### WHAT YOU NEED TO DO
Below is a listing with pictures. Repeat exactly the lines starting at the one holding "3d Sea Turtle" and going on through the one holding "Dưới cờ Tổ quốc", and leave every picture out.

### RECORD SET

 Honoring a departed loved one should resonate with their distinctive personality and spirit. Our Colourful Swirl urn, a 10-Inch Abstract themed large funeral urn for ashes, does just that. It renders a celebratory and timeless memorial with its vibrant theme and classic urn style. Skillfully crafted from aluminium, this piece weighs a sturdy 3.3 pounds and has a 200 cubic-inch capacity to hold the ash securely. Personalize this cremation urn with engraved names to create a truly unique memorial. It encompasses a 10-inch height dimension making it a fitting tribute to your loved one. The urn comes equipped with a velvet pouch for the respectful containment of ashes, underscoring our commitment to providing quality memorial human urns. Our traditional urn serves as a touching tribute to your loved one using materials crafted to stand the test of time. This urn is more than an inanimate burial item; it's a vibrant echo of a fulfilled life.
* * *
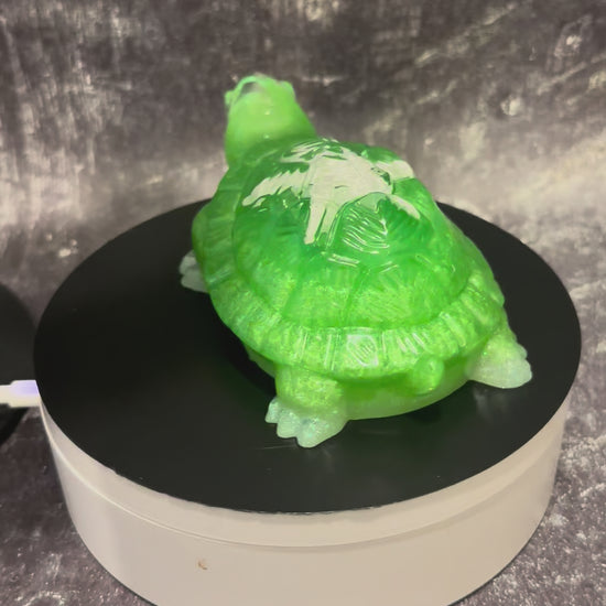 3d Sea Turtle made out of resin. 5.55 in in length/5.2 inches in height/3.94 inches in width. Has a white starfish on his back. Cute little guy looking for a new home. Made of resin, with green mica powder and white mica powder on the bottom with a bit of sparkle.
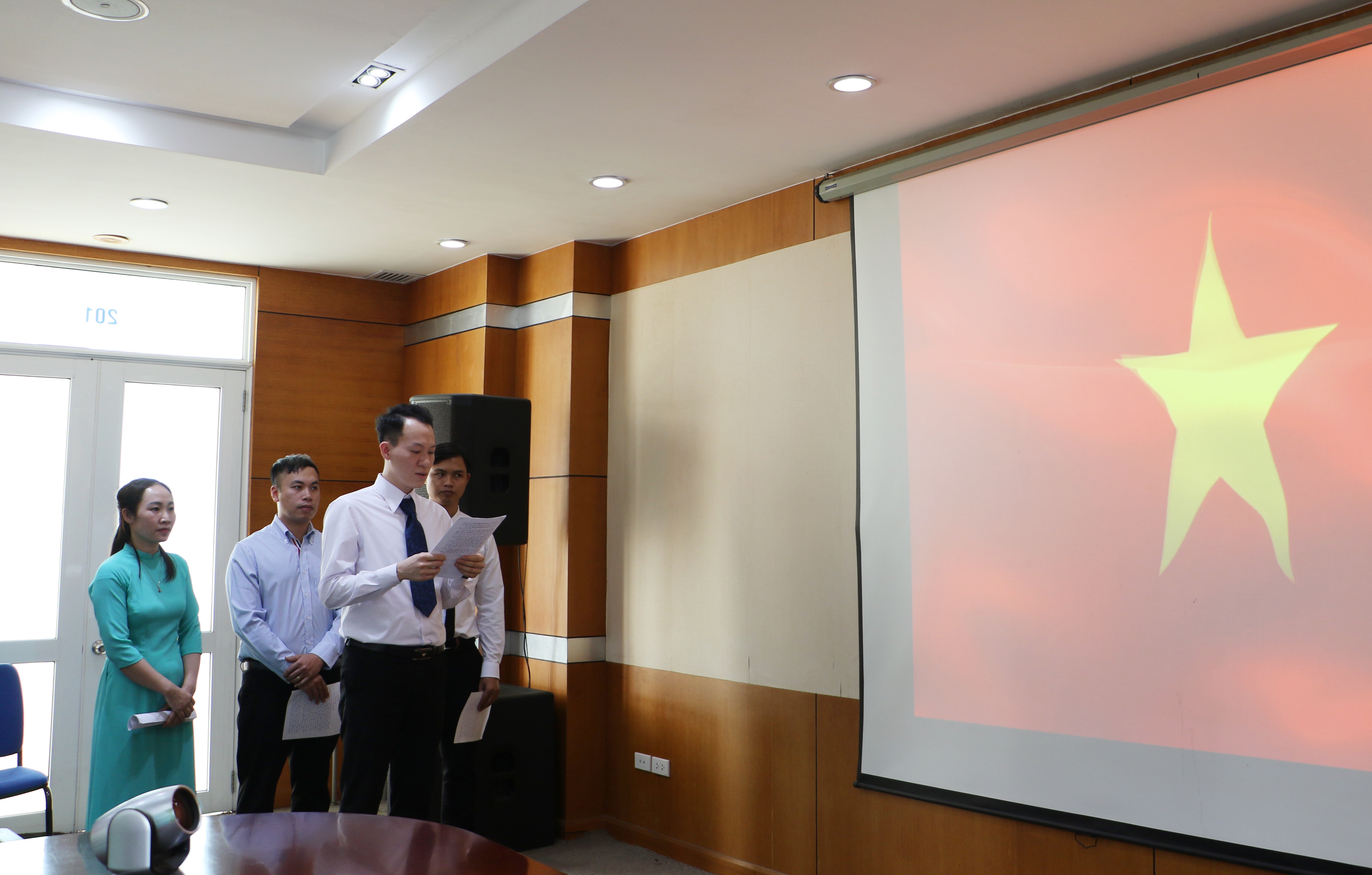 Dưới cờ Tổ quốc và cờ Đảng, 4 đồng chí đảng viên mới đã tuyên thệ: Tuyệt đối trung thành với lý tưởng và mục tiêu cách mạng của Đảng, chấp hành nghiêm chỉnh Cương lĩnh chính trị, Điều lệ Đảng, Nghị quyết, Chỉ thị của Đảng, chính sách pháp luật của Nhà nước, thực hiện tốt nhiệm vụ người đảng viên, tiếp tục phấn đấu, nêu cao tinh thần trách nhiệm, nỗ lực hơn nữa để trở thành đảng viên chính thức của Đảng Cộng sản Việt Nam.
---
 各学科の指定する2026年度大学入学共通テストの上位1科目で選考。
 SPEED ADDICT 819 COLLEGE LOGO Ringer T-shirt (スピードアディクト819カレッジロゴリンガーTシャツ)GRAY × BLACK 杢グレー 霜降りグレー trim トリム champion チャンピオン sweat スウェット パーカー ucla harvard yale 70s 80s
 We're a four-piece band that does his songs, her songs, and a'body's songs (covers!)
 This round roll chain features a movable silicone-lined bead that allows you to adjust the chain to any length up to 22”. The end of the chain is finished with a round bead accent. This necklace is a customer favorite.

### EXERCISE SOLUTION
 3d Sea Turtle made out of resin. 5.55 in in length/5.2 inches in height/3.94 inches in width. Has a white starfish on his back. Cute little guy looking for a new home. Made of resin, with green mica powder and white mica powder on the bottom with a bit of sparkle.
 Dưới cờ Tổ quốc và cờ Đảng, 4 đồng chí đảng viên mới đã tuyên thệ: Tuyệt đối trung thành với lý tưởng và mục tiêu cách mạng của Đảng, chấp hành nghiêm chỉnh Cương lĩnh chính trị, Điều lệ Đảng, Nghị quyết, Chỉ thị của Đảng, chính sách pháp luật của Nhà nước, thực hiện tốt nhiệm vụ người đảng viên, tiếp tục phấn đấu, nêu cao tinh thần trách nhiệm, nỗ lực hơn nữa để trở thành đảng viên chính thức của Đảng Cộng sản Việt Nam.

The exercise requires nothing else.